Statement by Annie Laurie Gaylor
Co-President
Freedom From Religion Foundation
While Wisconsin’s reputation for progressivism is sadly overrated, there is one fact, as a state native, that I remain very proud of: Wisconsin was the first U.S. state to abolish the death penalty for all crimes. (A few states never adopted capital punishment in the first place.)
Wisconsin has only executed one person since becoming a state in 1848. John McCaffary was hanged in 1851 for drowning his wife Bridgett. He dangled gruesomely for 20 minutes while slowly strangling, as a crowd of thousands in Kenosha watched in horror. The death penalty was repealed in 1853.
Today, some 32 states still officially have capital punishment on their books, plus the federal government and the military. This puts the U.S. in the company of the worst despotic regimes and Islamist states.
While the root source of capital punishment may not be solely biblical, in the Western world, the bible is the sourcebook for the death penalty. “Life, for life, eye for eye, tooth for tooth,” as Exodus 21:22 barbarically commands. “An eye for an eye will leave everyone blind,” as Gandhi reputedly observed.
The crimes of Dzhokhar Tsarnaev, the convicted Boston Marathon bomber, are incomprehensible, horrific and cold-blooded. But it’s cold-blooded for the U.S. government to execute him. It’s so obvious: If killing is wrong, how can it be right for the government itself to sentence someone to death?
And, of course, Tsarnaev will become a martyr, at much greater taxpayer expense than the cost of keeping him imprisoned.
Perhaps not surprising in a nation where 70% are nominally Christian, 60% of Americans are in favor of the death penalty for Tsarnaev. But it’s a credit to Massachusetts, which itself opposed the federal government’s decision to seek the death penalty and has outlawed the state death penalty, that the figures were reversed: Only 30% supported the death penalty in this case.
One Boston couple, Bill and Denise Richard, lost a son in the bombing and were both injured. Their daughter lost a leg. But they still publicly opposed the death penalty for Tsarnaev. They wrote a poignant plea in the Boston Globe, “To end the anguish, drop the death penalty.”

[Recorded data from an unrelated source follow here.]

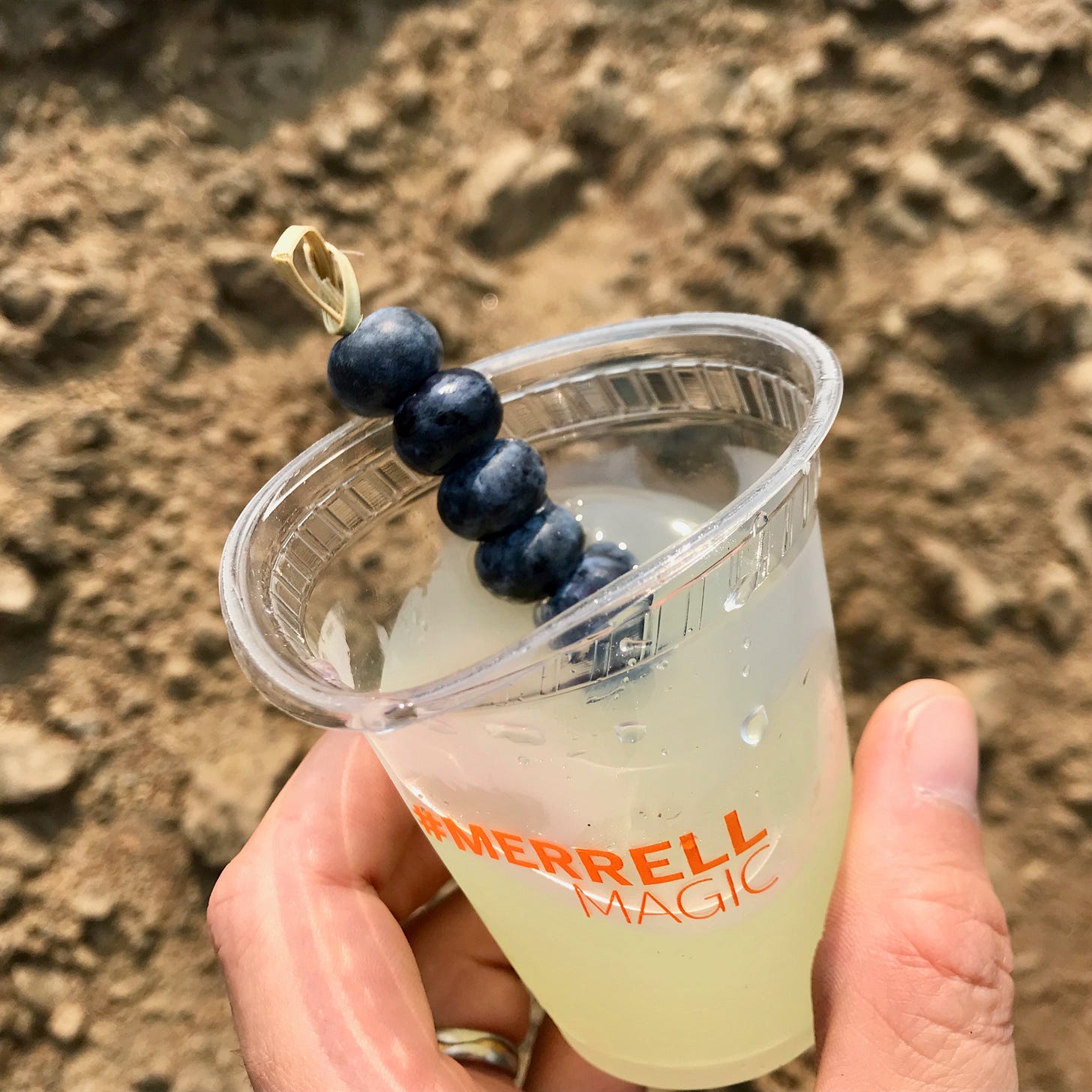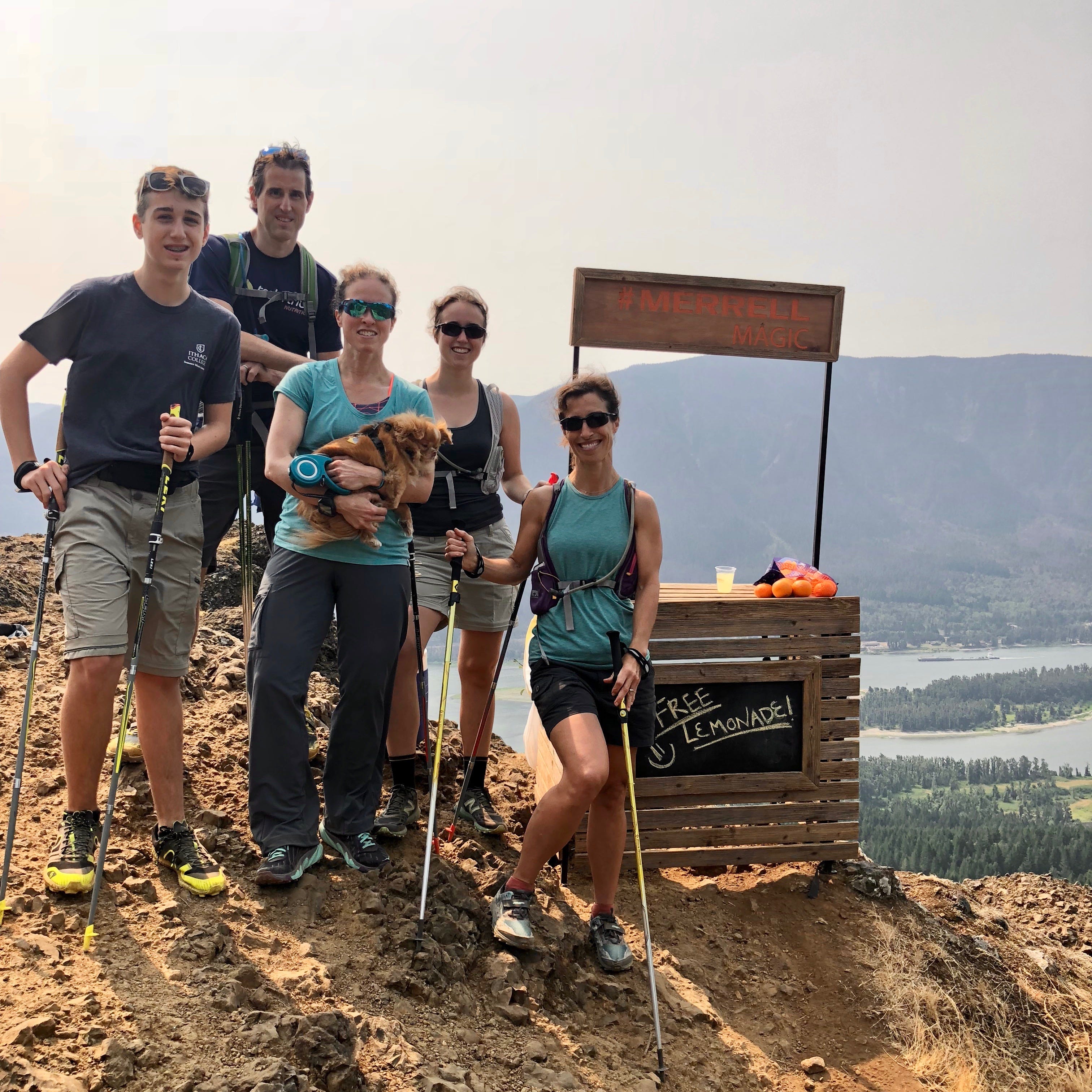 As we neared the top of a long series of switchbacks we saw something that looked like a lemonade stand in the distance. Could this be? Were people really out on the mountain with a lemonade stand? As we got closer, we realized that yes indeed this was a lemonade stand!! Merrill partnered with Backpacker Magazine as part of their Merrill Magic campaign. A couple was manning the station, offering lemonade with lovely little blueberry skewers. We spent a long time up there chatting with them, enjoying the lemonade and the views.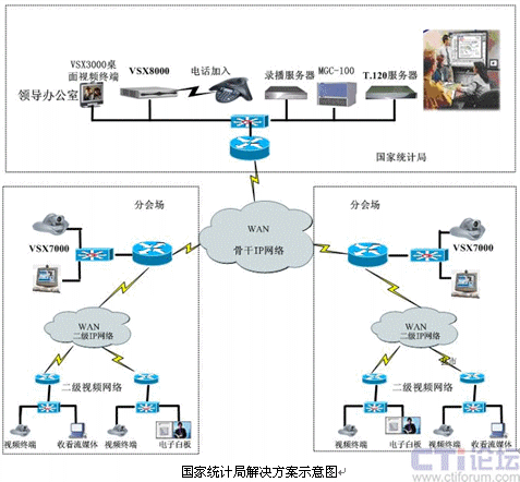 為確保如此巨大的視頻會(huì)議系統(tǒng)的應(yīng)用效果,視頻會(huì)議系統(tǒng)的各個(gè)設(shè)備全部采用POLYCOM公司的產(chǎn)品。寶利通(POLYCOM)公司依靠自身豐富的經(jīng)驗(yàn)、領(lǐng)先的產(chǎn)品和技術(shù)以及豐富的項(xiàng)目部署經(jīng)驗(yàn),結(jié)合國家統(tǒng)計(jì)局的實(shí)際需求,提出了全套的視頻會(huì)議系統(tǒng)解決方案,并最終憑借產(chǎn)品出色的視音頻質(zhì)量、良好的穩(wěn)定性和先進(jìn)的技術(shù)、以及出色的服務(wù)贏得了用戶的認(rèn)可,成功中標(biāo)國家統(tǒng)計(jì)局視頻會(huì)議系統(tǒng)項(xiàng)目.該系統(tǒng)可最大限度地發(fā)揮其現(xiàn)有IP寬帶網(wǎng)絡(luò)的優(yōu)勢,加快對(duì)具體事件的處理速度,節(jié)約辦事人員的路途時(shí)間,最大限度地提高政府的辦公效率,降低辦公費(fèi)用。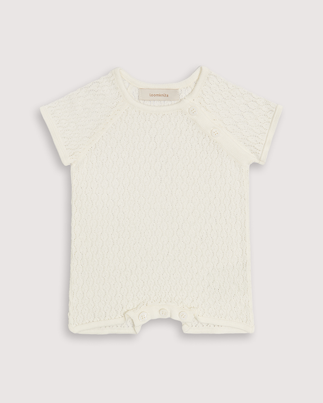 Вязаный комбинезон напоминает изящное кружево, которое связано из самых трогательных мгновений детства.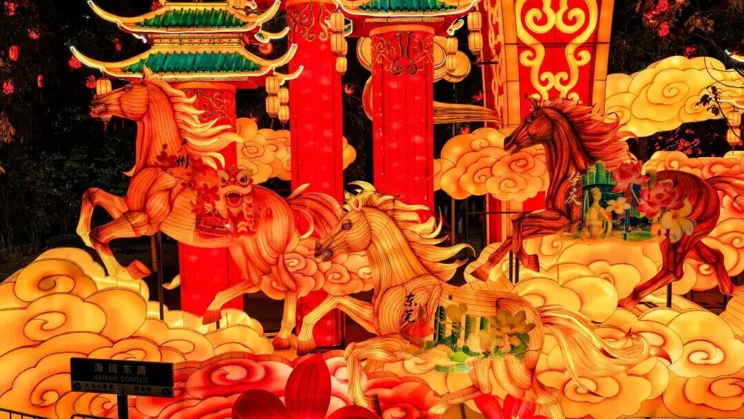 踏入大门,“星河驰骋·骏马腾云” 灯组震撼扑面。11匹神骏姿态昂扬、腾跃云间,它们象征粤港澳大湾区“9+2”城市血脉相连,这是粤港澳大湾区送给祖国最奔腾的新春祝福。
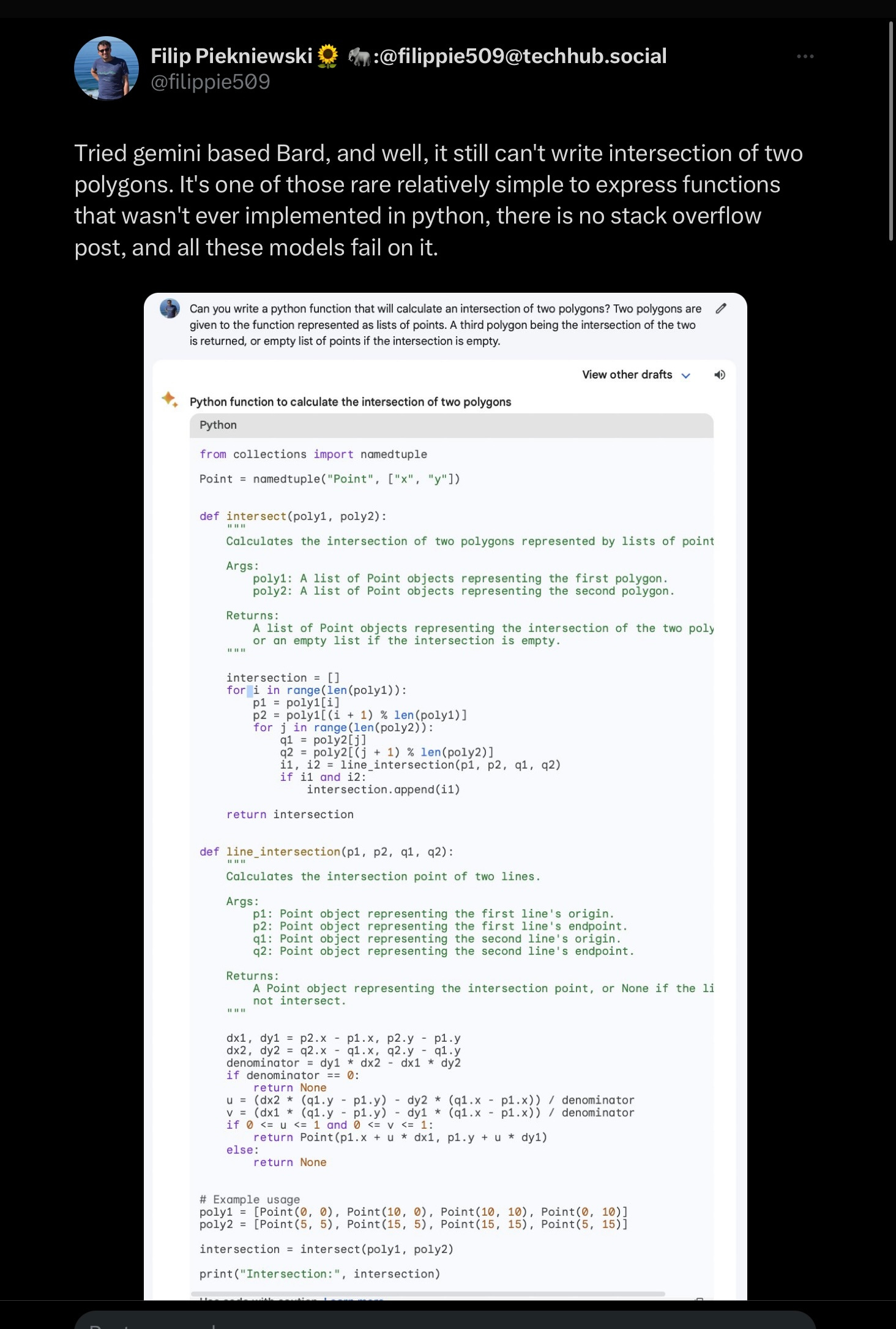 What we are going to see, in the fullness of time, I promise you, is that Gemini is more or less in the same ball park as GPT-4, handy for a bunch of things, but untethered in reality, still with dicey, unpredictable reasoning, and a very limited understanding of the world. Don’t let the PR fool you.

“We understand all too well the heinousness and brutality of the crimes committed. We were there. We lived it. The defendant murdered our 8-year-old son, maimed our 7-year-old daughter, and stole part of our soul.” A death sentence, they noted, “could bring years of appeals and prolong reliving the most painful day of our lives.”
They concluded, “We honor those who were lost and wish continued strength for all those who were injured. We believe that now is the time to turn the page, end the anguish, and look toward a better future — for us, for Boston, and for the country.”
It’s time for the United States and the individual states to likewise “turn the page, end the anguish, and look toward a better future,” by joining the rest of the civilized world in rejecting the death penalty.